In Marius von Mayenburg’s Fireface, Olga and her brother Kurt are both caught in this developmental hinterland; she railing against the vulgarity of birth and childhood, he refusing to become the type of adult he recognises in his parents, who have settled into a non-communicative, rarely physical relationship. He wants thrills, excitement and control of his life, and he finds it amid the smoke and flames of arson.

That, sadly, is not the most distressing of Kurt’s problems. He’s having classically pubescent urges and the only young female in his life is his sister. You see where we’re going here.

Staged in the Young Vic’s worryingly wood-clad Clare theatre and performed on what I’m sure is the most flammable of chipboard sets, looking a little like the inside of an Ikea storage unit, director Sam Pritchard has captured the sense of isolation, naivety, panic, anger, frustration, arrogance and vulnerability that comes with puberty.

Rupert Simonian as Kurt switches from classic protective sibling, staring down his sister’s boyfriend, to sinister horror villain gazing out from under frowning eyebrows, while Aimeé-Ffion Edwards’ little girl voice belies the swiftly maturing Olga.
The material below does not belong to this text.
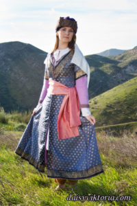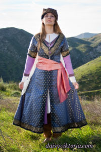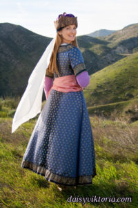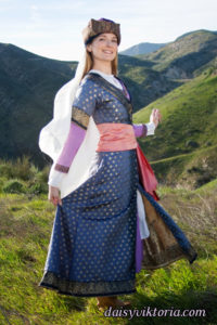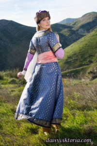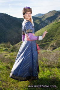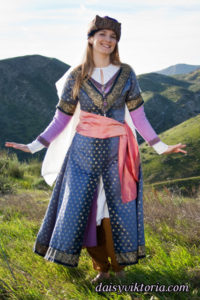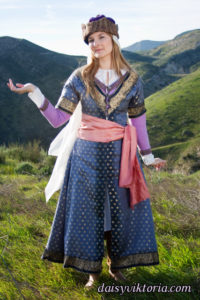 This Persian style is typical throughout several centuries, though I’ve based my design largely on images from around the 15th century. The outer purple layer is made of blue brocade, the next layer is purple linen, and the underdress is white linen. The pants are hand-dyed raw silk with buttons at the cuffs. The sash is also silk. The hat is made of wool and brocade.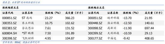 本周,受益车联网概念,ST高鸿上涨23.27%,领涨版块。受益工业互联网领域的先发布局,东土科技上涨10.75%;受益北斗导航、无人驾驶概念,合众思壮上涨7.61%;受益资产重组预期,*ST鹏博上涨7.50%;受益半导体材料创新,飞凯材料上涨4.95%。

There are rare moments of familial connection, but with meal times spent staring out into the auditorium, bedtime spent staring out into the auditorium, conversations spent staring I think you know where, Pritchard makes sure we recognise the dislocation as if it were our own shoulders knocked out of their sockets.

It’s all quite jarring, what with Helen Schlesinger’s Mother – her character, not a relative – flannelling herself off, hands disappearing down trousers and William Postlethwaite getting angry and naked – well, you would if your only set of clothes had just been torched, wouldn’t you? – but I suspect it is supposed to be.

Puberty isn’t fun. Certainly not in this household. Though Kurt takes it to horror-movie extremes, most of us know exactly where this twisted firestarter – to quote a song of my own teenage years – is coming from.